In view of the above problems, this study proposes an improved RF-based model by considering sample type and balance for LSM in Guangdong Province. The proposed method aims to improve the existing LSM methods in terms of three aspects: (1) improving LSM accuracy by considering the comprehensive impact of multiple environmental factors, such as topography, geography, land cover type, rainfall, and human activities; (2) reducing the error caused by multiple types of landslide samples by using rainfall-induced landslide samples only as the model input; (3) mitigating the adverse effects of sample imbalance by optimizing the positive-to-negative sample ratio and training-to-test sample ratio of the LSM model based on quantitative analysis.

2. Materials and Methods

2.1. Study Area

The study area is Guangdong Province (20°13′ N~25°31′ N, 109°39′ E~117°19′ E) (Figure 1), located in Southern China, with a land area of 178,000 km². The area is made up of 31.4% mountains, 25.61% hills, 20.26% tablelands, and 22.73% plains and valleys [52]. The intrusive rocks dominated by granite account for one-third of the total area of Guangdong Province, while migmatite and gneiss also exist widely [45,52]. Guangdong belongs to a subtropical monsoon climate, with an average annual rainfall of 1758.8 mm and characterized by perennial mild and humid weather.

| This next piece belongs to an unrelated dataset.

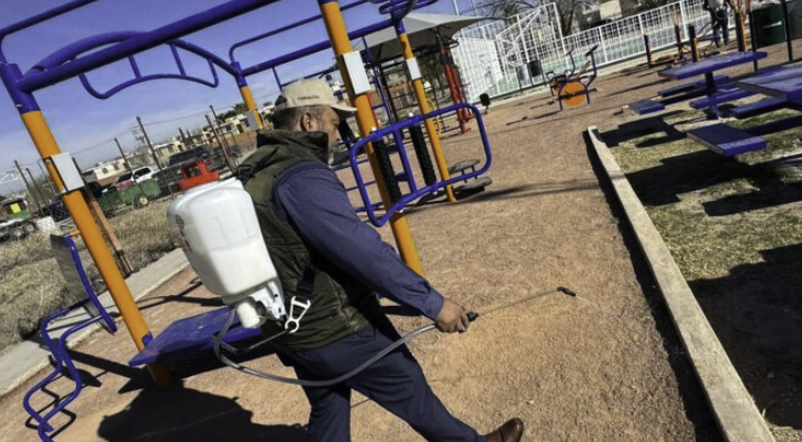 Autoridades municipales iniciaron una jornada de fumigación masiva en diversos parques del fraccionamiento Valle del Sol, como parte de las acciones preventivas para el control y erradicación de la garrapata en espacios públicos.

Under the pressure of abundant rainfall and frequent landing typhoons, the probability of landslides in Guangdong Province is high [2,45,51]. Considering that Guangdong has a high population density and economic activity intensity, the multiple effects of geography, economy, and demographics in Guangdong create conditions susceptible to the occurrence of landslide disasters [4]. Due to the lack of data on the environmental factors of some islands (e.g., Dongsha Islands), this study mainly investigates the landslide susceptibility of the major land areas in Guangdong Province.

2.2. Data

2.2.1. Landslide Inventory

Landslide inventory refers to a detailed register of the spatial distribution, geometry, and attributes of landslides [9]. In this study, two classes of landslide inventory were used: (1) Class I: data of 335 historical landslide points in Guangdong Province from 2015 to 2019, which were collected from geological disaster reports published by the Department of Natural Resources of Guangdong Province. These reports provide information on the occurrence time, detailed location, coordinates, primary causal factor (rainfall-induced or human activity–induced), and geological hazard type (rock fall, landslide, ground collapse, and debris flow), etc. Among these landslide events, 254 belong to the rainfall-induced type; the remainder are triggered by both rainfall and slope excavation and, thus, belong to the mixed type of rainfall-induced and human activity-induced landslides. Generally, the Class I landslide data are mainly rainfall-induced, with some mixed with human activity effects. (2) Class II: data of 586 landslide polygons in Longchuan County and Zijin County, Heyuan City in Guangdong Province. The Class II landslide data were obtained through a two-step procedure, which include visual interpretation of the GaoFen-2 images in 2021 and verification based on field investigation. This indicates that the Class II landslide data have a high accuracy and can be used as ground truth data in the region. The Class II landslide data used in this study are of mixed types, covering all landslide events detected in the study area; however, attribution categories are not specified. In this study, the Class I landslide data were used as the landslide samples for training and testing the RF-based model for LSM, while the Class II landslide data were employed to validate the effectiveness of the RF-based model for multiple types of landslides; there is no overlap between the two classes of landslide data.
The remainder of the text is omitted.